# Download Embeddings CELLxGENE 

## This module interfaces with the CZ CELLxGENE Discover Census package to download pre-computed embeddings for a subset of cells. These embeddings can be used as a reference for label transfer in single-cell analyses.


In [1]:
#| default_exp Census

In [2]:
#| hide
from nbdev.showdoc import *

# Download and Embed Census Data Function
This function `download_and_embed_census_data` is designed to automate the process of downloading census data and retrieving embeddings for a specific organism and tissue type. It takes four parameters: `census_version` to specify the version of the census data, `embedding_uri` to provide the location of the embeddings data, `organism` to filter the data for a particular organism (like "homo_sapiens"), and `tissue` to specify the tissue type (like "blood").

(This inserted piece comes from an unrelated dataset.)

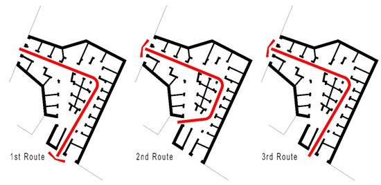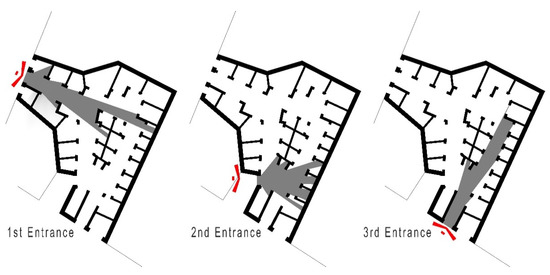 To reach the research goal and studying the between spatio-visual properties in general, and visibility in particular, and user perception, as the first stage architectural drawings are made. Drawings are imported into UCL Depth Map [59] and Isovist app to analyze the isovist field for major paths (see Figure 5). That has been derived from field observations. Although the form of the second and the third route is the same the direction is quite different, and this similarity helps the research to go one step deeper.

The function returns an Anndata object that contains the embeddings corresponding to the filtered census data.


In [3]:
#| export
def download_and_embed_census_data(census_version='2023-12-15', embedding_uri='s3://cellxgene-contrib-public/contrib/cell-census/soma/2023-12-15/CxG-contrib-2', organism='homo_sapiens', tissue='blood'):
    """
    Download census data and retrieve embeddings for the specified organism and tissue with default parameters.

    :param census_version: Version of the census data to use, default is '2023-12-15'
    :param embedding_uri: URI for the embeddings data, default is the provided S3 bucket path
    :param organism: Organism to filter by, default is 'homo_sapiens'
    :param tissue: Tissue to filter by, default is 'blood'
    :return: Anndata object with embeddings
    """
    
    import cellxgene_census
    from cellxgene_census.experimental import get_embedding

    # Open the census data for the given version
    census = cellxgene_census.open_soma(census_version=census_version)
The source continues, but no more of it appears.